Key distinctions for interviews: - LRM vs GPT: Both are decoder-only, but LRM is trained with RL to output explicit reasoning steps (think-then-answer). GPT answers directly. - VLM training stages: (1) Pretrain vision encoder + LM separately; (2) Align vision→language with image-text pairs; (3) SFT on multi-task visual instruction data. The ViT and LM share a projection layer. - SLM vs quantized LLM: SLMs are architecturally designed small (GQA, RMSNorm, SwiGLU) — not just a compressed large model. - LAM vs standard LLM with tools: A LAM is specifically fine-tuned on action trajectories; a standard LLM uses tools via prompt engineering. LAMs produce more reliable action sequences. - LCM: Addresses the token-level limitation — instead of next-token prediction, LCMs predict the next concept embedding. This makes them language-agnostic by design.


Study Notes

Must-know for interviews: - Three architecture families: encoder-only (bidirectional, MLM, classification), decoder-only (causal, CLM, generation), encoder-decoder (cross-attention, seq2seq) - Decoder-only dominates production for general LLMs — simple CLM objective + instruction fine-tuning = powerful general purpose model - BERT uses bidirectional attention — cannot generate; best for embeddings and classification - MoE: sparse routing selects top-K experts per token → large total params, small active params - LLaMA-3, Gemma, Mistral all use GQA for efficient KV caching - When in doubt in 2024: reach for decoder-only (LLaMA-3, Gemma)

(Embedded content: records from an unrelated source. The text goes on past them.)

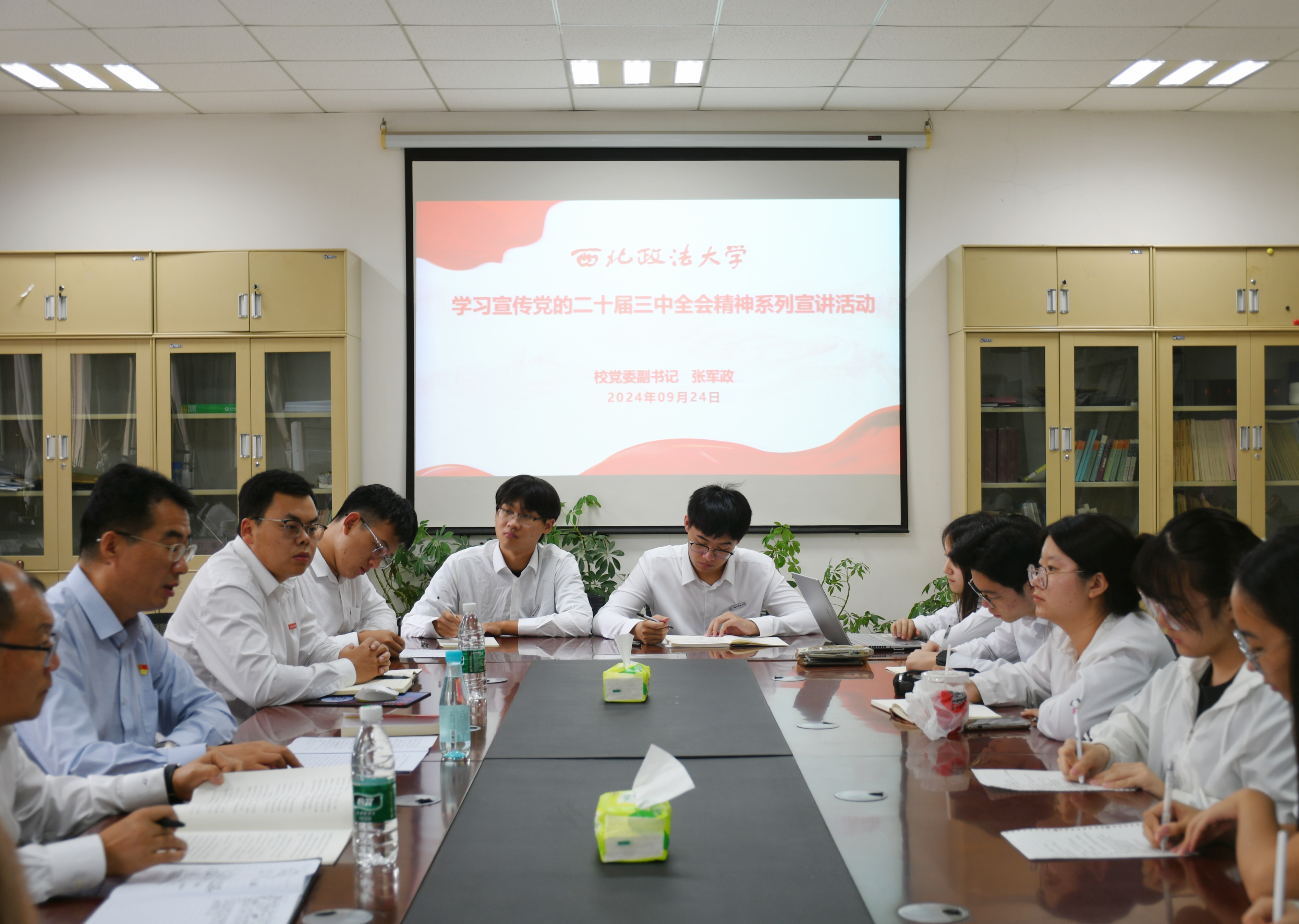 为深入学习贯彻党的二十届三中全会精神,教育引导广大学子全面准确理解全会精神的丰富内涵和深刻意义,9月24日下午,校党委副书记张军政在民商法学院会议室开展党的二十届三中全会精神专题宣讲,学院党委书记朱茂主持。
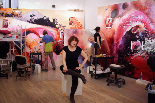 Marilyn Minter’s work has been featured in numerous exhibitions, including a solo show at the San Francisco Museum of Modern Art in 2005 and the 2006 Whitney Biennial. In September, the Contemporary Arts Center Cincinnati and La Conservera in Murcia, Spain will present installations of her work, including large scale projections of her video Green Pink Caviar. Green Pink Caviar was featured in Madonna’s recent European tour and will grace digital billboards on Sunset Boulevard as part of a public art project that coincides with her first exhibition at Regen Projects in October.
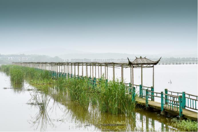 當(dāng)天,木制釣魚臺上,一位50余歲的游客在休閑小釣。垂竿拋,紅煙斂,大有一番“人疑天上坐,魚似鏡中懸”的味道。也有三兩游客櫓槳戲水,一不小心,驚擾了覓食的魚兒,“潑刺”一聲,慌亂中撲騰至遠(yuǎn)處,不見蹤影。
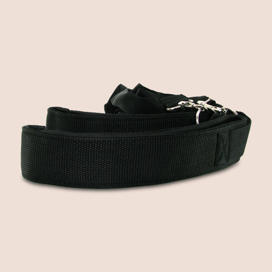 Simply place the harness over your shoulders and snap the adjustable strap just below your chest. The sturdy thigh cuffs clip right to the harness, positioning your legs at the perfect angle for a hard pounding while holding your legs firmly in place so they don't tire when things are heating up. The harness also provides a sturdy grip so your partner can hold on for a wild ride, and features wrist cuffs to ensure that you wont escape anytime soon. All cuffs are easily adjustable to fit most sizes with velcro straps, and the chest harness adjusts with a simple tug. Now assume the position and be the master of your next encounter!
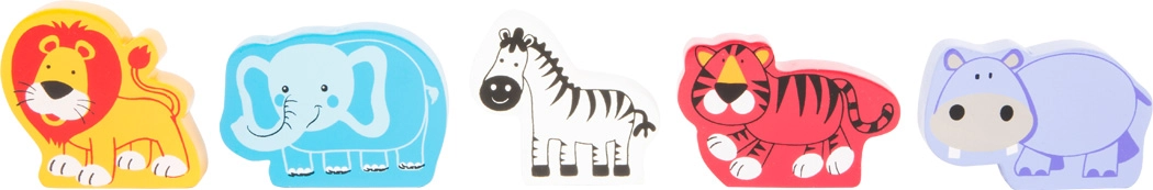 Локомотивът и вагончетата се свързват с магнити, така че децата лесно пренасят животните и могат да създават свои истории от зоопарка.
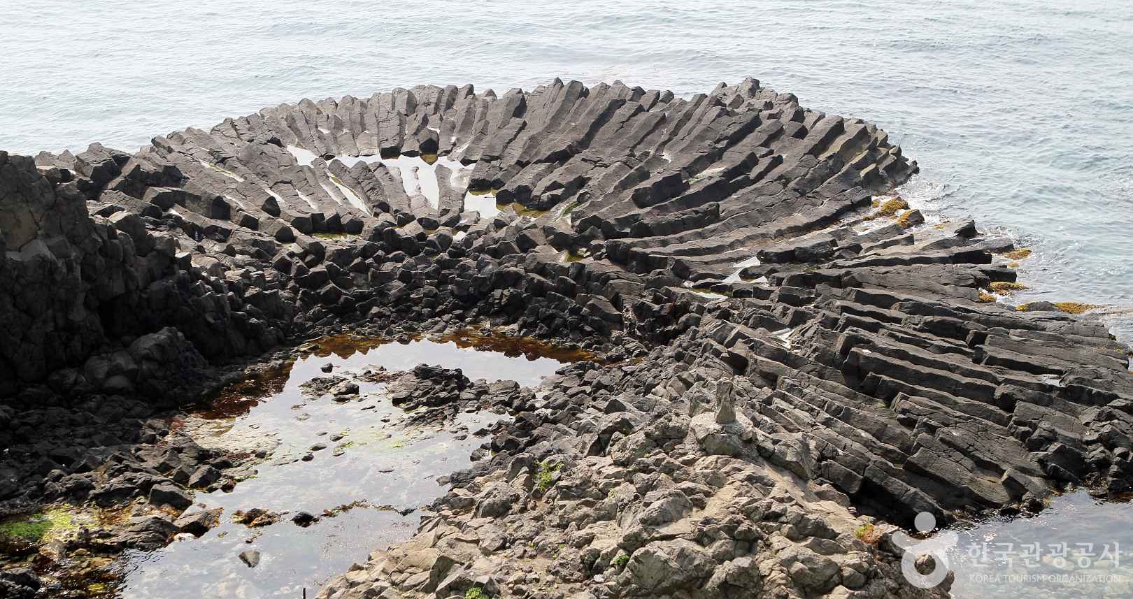 대표적으로는 수직으로 솟은 주상절리뿐 아니라 기울어진 주상절리, 누워있는 주상절리, 그리고 이곳의 하이라이트인 부채꼴 주상절리가 있는데요, 이 부채 모양의 절리는 세계적으로도 유례를 찾기 힘든 희귀한 형태랍니다.
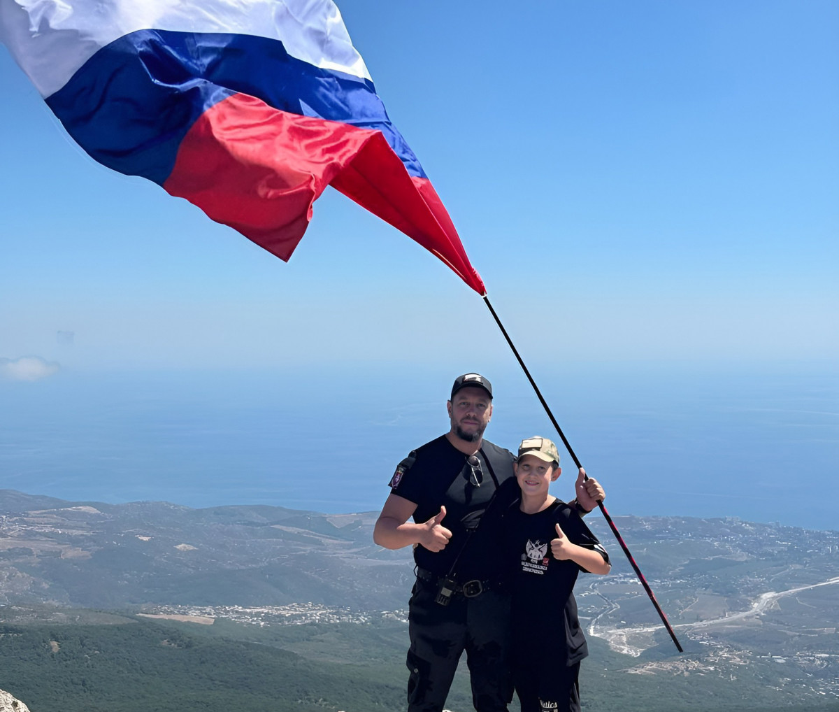 Экскурсию возглавил Алексей Волохов, выпускник школы № 29 станицы Новотитаровской, который вместе с сыном, пятиклассником Макаром водрузил российский триколор над вершиной горного массива.
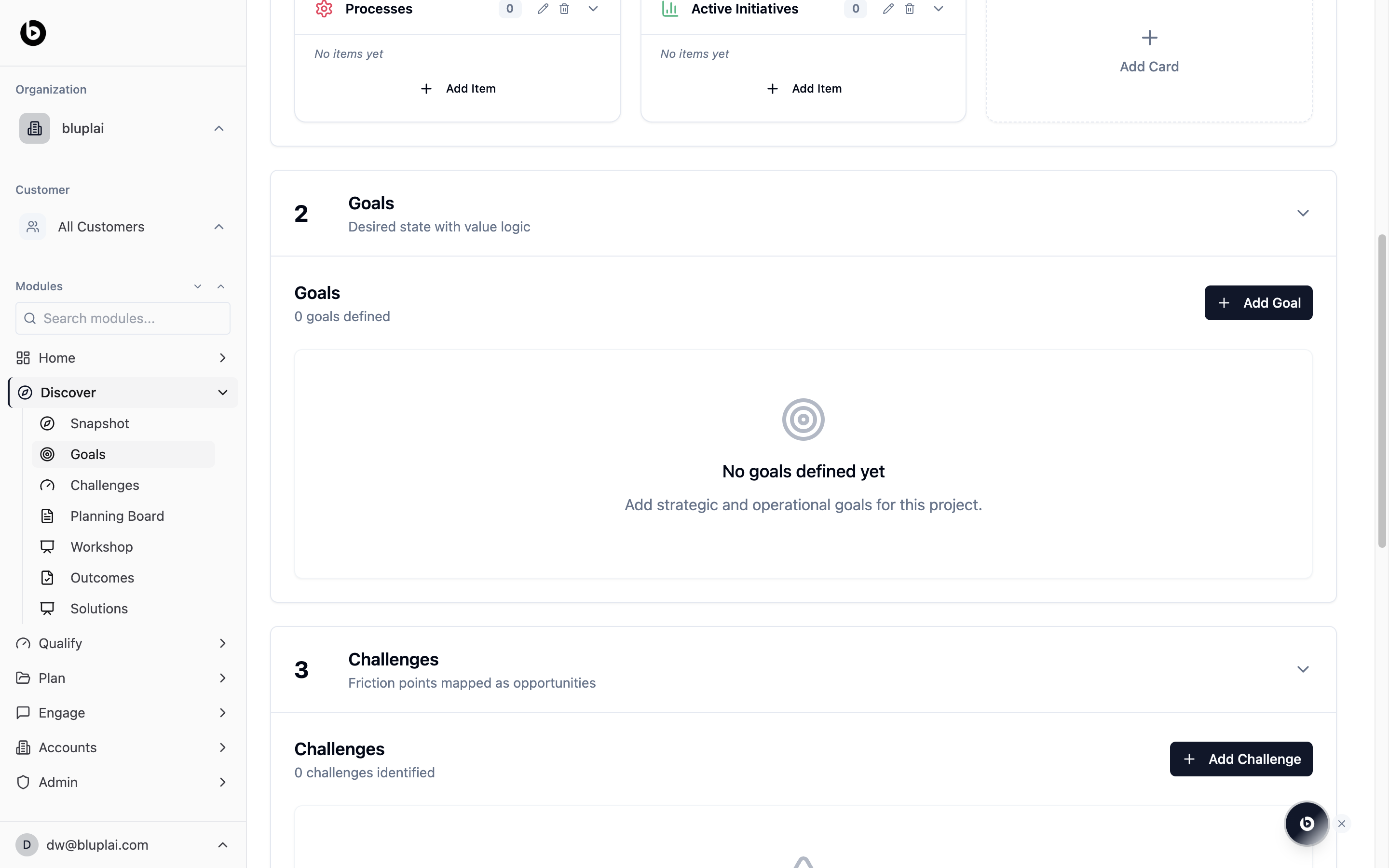 The Goals section sits below Snapshot on the Discover page and captures what the customer actually wants to achieve. It’s the “desired state” counterpart to the current-state Snapshot — OKRs, KPI targets, business outcomes, and the value logic that connects each goal to a measurable result. Goals logged here flow forward into Qualify (to size the opportunity) and Plan (to build the initiatives that deliver them).What you’ll see
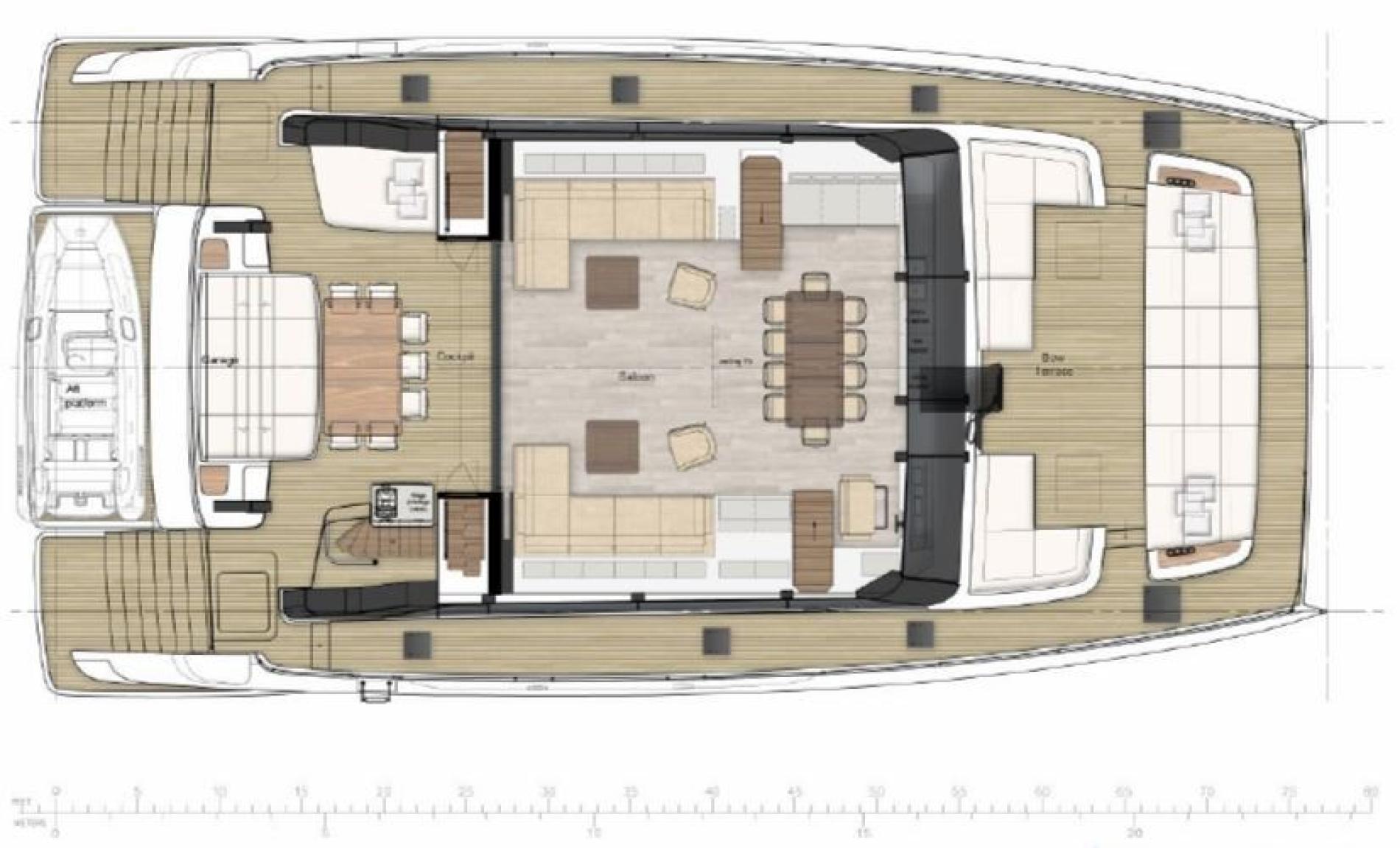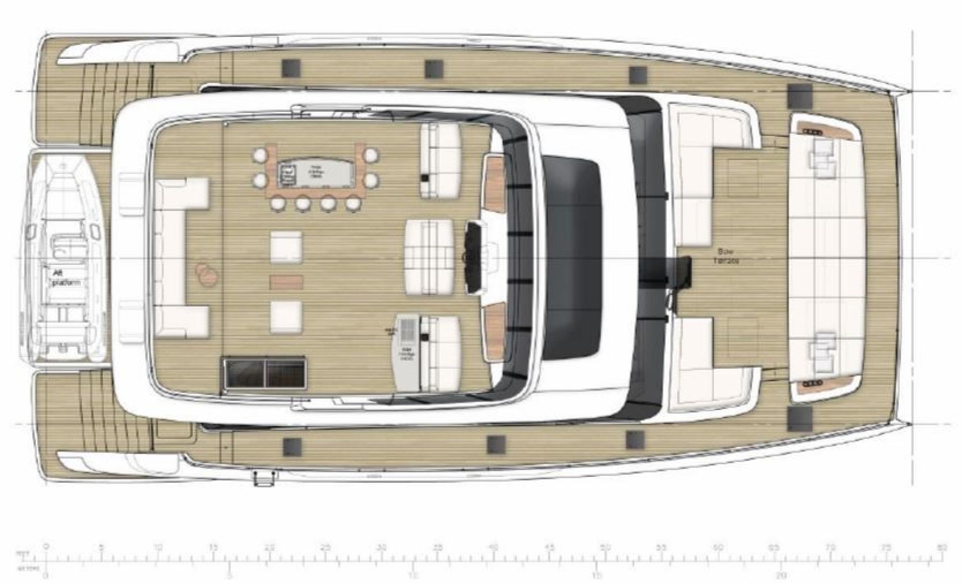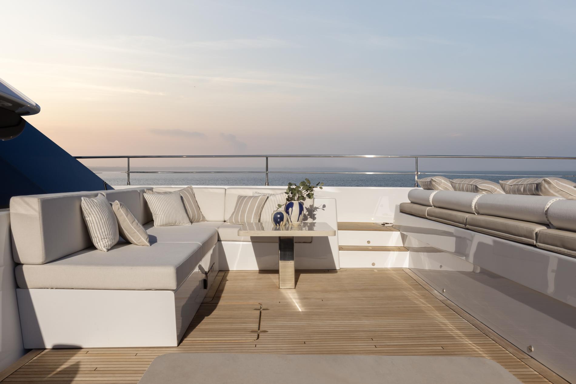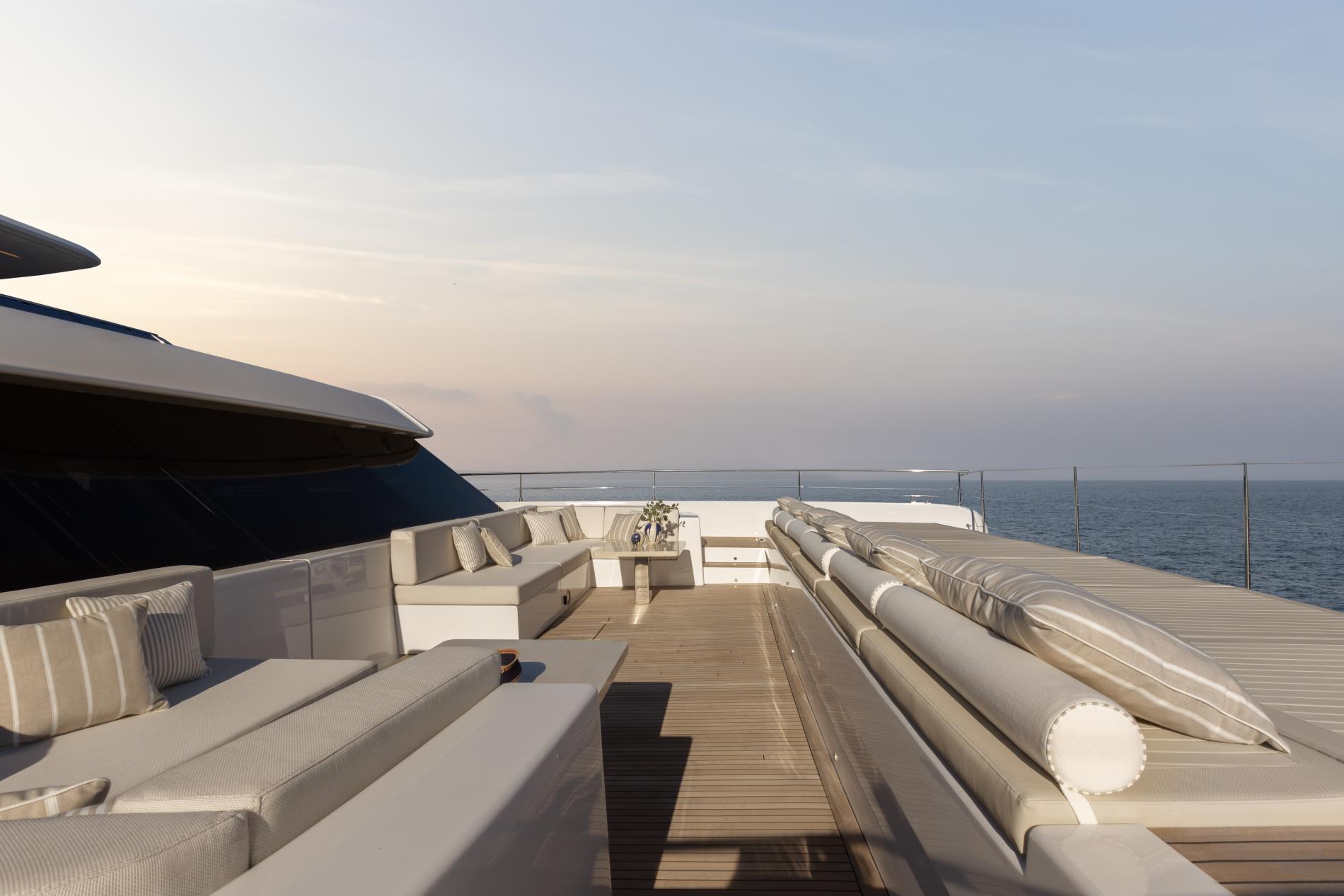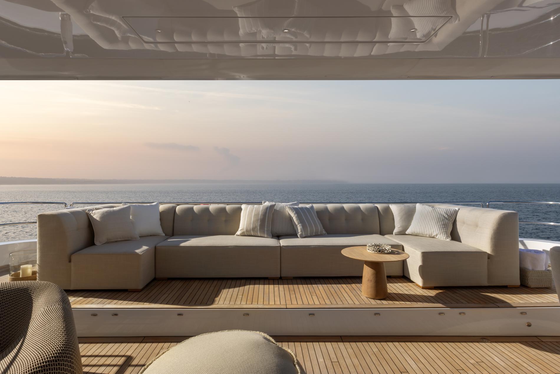 The main deck boasts a bow terrace and sociable aft cockpit. The bow terrace is configured with a choice of seating and a full beam row of sun pads with comfortable cushions. The aft cockpit is an expansive guest space which leads directly into the main salon creating one large entertainment space when the doors are open. The terrace has dining area with a flexible table and seating which can be adjusted from a bench seat to a huge sunpad. Steps on both sides lead down to the water’s edge where there is a substantial hydraulic platform – the perfect stern terrace or swim platform offering easy access to the water.
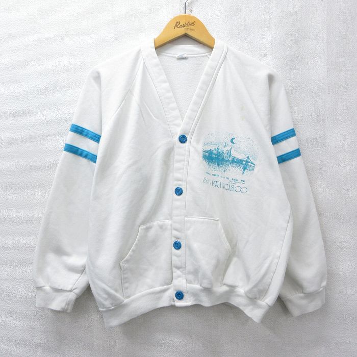 L/古着 長袖 スウェット カーディガン メンズ 90年代 90s サンフランシスコ ラグラン USA製 白他 26mar23

Quick recall Q&A: - Why can BERT not generate text? BERT was trained with MLM (predict masked tokens), not CLM (predict next token) — it has no autoregressive generation mechanism. - What is MoE and what is the key tradeoff? Multiple expert FFNs with sparse routing — scales capacity without proportional compute, but requires load balancing and has communication overhead in distributed settings. - Why did decoder-only beat encoder-decoder for summarization? At scale + instruction fine-tuning, decoder-only generalizes across tasks without architectural inductive bias; operational simplicity wins. - Name 3 decoder-only models and their context lengths. LLaMA-3.1 (128K), Gemma 2 (8K), Mistral 7B (32K).